When we use the exact matching, we have 
$$\widehat{\text{ATT}} = \widehat{\mathbb E}[Y^1-Y^0|A=1] = \frac{1}{n}\sum_{i=1}^n(Y_i - Y_i^*).$$

The variance is estimated by 
$$\widehat{\text{Var}}(\widehat{\text{ATT}}) = \frac{1}{n}\sum_{i=1}^n(Y_i - Y_i^* - \widehat{\text{ATT}})^2.$$

<br>

### Other Matching Methods

If the control units are adequate, we can match each treated unit to multiple controls. 

Another problem is whether match the control units with replacement.

## Inexact Matching

Instead of matching exact confounding variables, we can match any units with close confounding variables.

### Distance

We shall define the distance between confounding variables.

#### Propensity Score Distance

Recall we can fit a logistic regression for propensity score: $e(c) = \mathbb P(A=1|C=c) = \frac{1}{1+\exp(-\beta_0-\beta^Tc)}$. Then, we use 

$$\text{dist}(c_1,c_2) = |\beta^T(c_1 - c_2)|.$$

It is the distance between the logit of propensity scores.

#### Mahalanobis Distance

We can also use Mahalanobis distance. Let $\Sigma$ to be the covariance matrix of confounding variables of each unit, where $\Sigma_{ij} = {\rm Cov}(c_i,c_j)$.
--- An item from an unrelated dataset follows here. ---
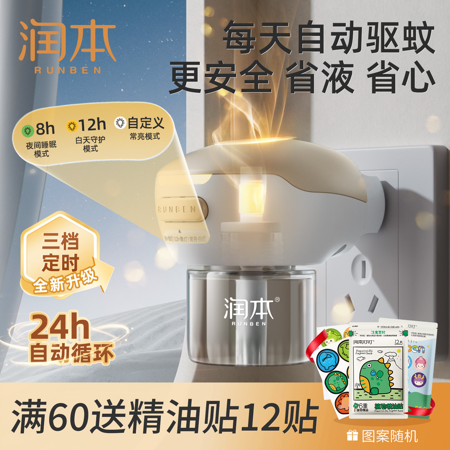 润本定时电热蚊香液家用加热器专用补充液温和驱蚊无烟无灰防蚊液

$$\text{dist}(c_1,c_2) = \sqrt{(c_1-c_2)^T\Sigma^{-1}(c_1-c_2)}.$$



### Bias Correction

Fit a model $\mu_0(c) = \mathbb E(Y^0|C=c)$, representing the effect of $c$ on $Y^0$. We will now assume $\mu_0$ is linear, i.e. $\mu_0(c) = \beta_0 + \beta^Tc$. For each pair of matched units $(w_i,w_i^*)$, we have 
$${\text{ATT}}_i = \mathbb E(Y_i^1 - Y_i^0)=\mathbb E(Y_i^1 - Y_i^{*0}) +\mathbb E( Y_i^{*0}-Y_i^0)=\widehat{\text{ATT}}_i+(\mu_0(c_i^*) - \mu_0(c_i)).$$

The final term $(\mu_0(c_i^*) - \mu_0(c_i))=\beta^T(c_i^*-c_i)$ is the bias. We can correct the bias by adding it to the estimator $\widehat{\text{ATT}}_i$:
$$\widehat{\text{ATT}}_{i\ \text{bc}} = \widehat{\text{ATT}}_i + \beta^T(c_i^*-c_i).$$

As a result, the overall estimators are 
$$\left\{\begin{aligned} &
\widehat{\text{ATT}}_{\text{bc}}= \frac{1}{n}\sum_{i=1}^n\widehat{\text{ATT}}_{i\ \text{bc}}\\  &
\widehat{\text{Var}}(\widehat{\text{ATT}}_{\text{bc}})= \frac{1}{n}\sum_{i=1}^n(\widehat{\text{ATT}}_{i\ \text{bc}} - \widehat{\text{ATT}}_{\text{bc}})^2.
\end{aligned}\right.$$